And then, of course, there's the Chinese wild card. The Chinese government and Chinese industry certainly aren't blind to the future of 3-D printing or its capacity to profoundly reorder the world's manufacturing economy.
There's ample evidence that China's government has targeted 3-D printing as a key future technology. For example, a Beijing University research team, working on 3-D production for aircraft parts, won a national award from the State Council for Technological Achievement in January.
Given how important this technology is likely to be and the extreme difficulty in calling a winner at this stage, I think investors have two choices.
First, in the short term, you can simply trade these stocks as you would any hot momentum play. Buy and sell as the short-term trend indicators suggest. This won't give you a lasting or increasing exposure to the sector, but you will stay on top of trends and, to the degree that you aren't a purely technical trader of these shares, you'll gradually increase your familiarity with the companies in the still very early stage market.
Second, you could take a more long-term, venture capital approach and put together a portfolio in the sector. Venture capitalists expect that of 10 bets they make, some will simply not play out and may actually lose money; some will do no better than break even; some will result in a two- to three-fold return; and a very few will turn into a seven- or eight- or even a 10-bagger.
The keys to making this approach work are:
  • Even though you are building a portfolio, you still do due diligence and try to pick the best companies in the sector, given your understanding of the limits of your knowledge.
  • You make sure that your portfolio truly covers all the bases in the emerging sector. If the future surprisingly zigs, you'd like to own a piece of it.
  • Price matters. It's a whole lot easier for a $500 million market-cap stock to turn into a $5 billion market-cap stock than it is for a $10 billion market-cap stock to go to $100 billion.

Building a 3-D portfolio

To build my 3-D portfolio now, I'd like to include the three stocks highlighted above, with an idea of buying some ExOne now and more later if the shares drop on the end of post-IPO lockups that prevent selling by insiders and early round investors. I'd like to get 3D Systems cheaper than it is now, but I wouldn't wait for it to get absolutely cheap. It and Stratasys are volatile, and I think you'll have plenty of drops for buying both.
And, of course, keep your eyes open for new entrants into the field that deserve a place in your sector portfolio.
Like most truly disruptive technologies, the 3-D printer story isn't all sunshine and lollipops, from a macro perspective.
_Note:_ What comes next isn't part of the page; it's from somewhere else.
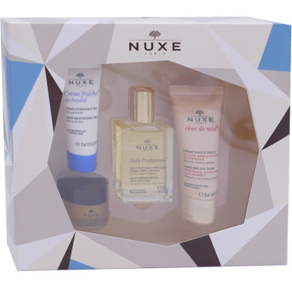 Le coffret NUXE « Les Indispensables » dans votre parapharmacie en ligne à prix discount, 4 produits hydratants et sublimateurs à offrir ou à se faire offrir pour des fragrances mythiques du parfum NUXE! Baume lèvres Rêve de Miel (15g) ; Huile Prodigieuse offerte (30ml) ; Crème mains et ongles Rêve de Miel (30ml) ; et Crème Fraîche de Beauté (15ml). Pour peaux normales même sensibles
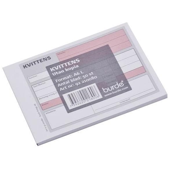 Kvittens A6 Liggande utan kopia, 50 blad 10st

First, the technology will eliminate high-paying manufacturing jobs. A company might indeed save money by using 3-D printing technology to prototype and produce complex components, but that will also result in the elimination of highly skilled practical engineering and production jobs.
Long term, I don't know if the new jobs created in software design, for example, will balance out the jobs lost, but it's clear that the skilled workers who lose their jobs because of the adoption of this technology won't be hired for the new jobs created by this technology. In other words, 3-D printing technology will clearly worsen the problem whereby older skilled workers in relatively highly paid jobs lose those jobs and lack the skills required by newly created positions.
Second, 3-D-printer technology will make the inadequacies in the world's apparatus for protecting intellectual property even worse. How do you protect a design when software engineers can turn it into code, and then either print the product themselves or put the code on the Internet for all to print? And when a "unique" product exists as code, then what exactly are the criteria for intellectual property that are eligible for protection?
The global economy never works out the solutions to problems like these before a disruptive technology is let loose on the world. And there's no reason to think that we'll do better this time.
3-D printing is coming. It is the future. The big questions are what that future will look like and how long it will take to arrive.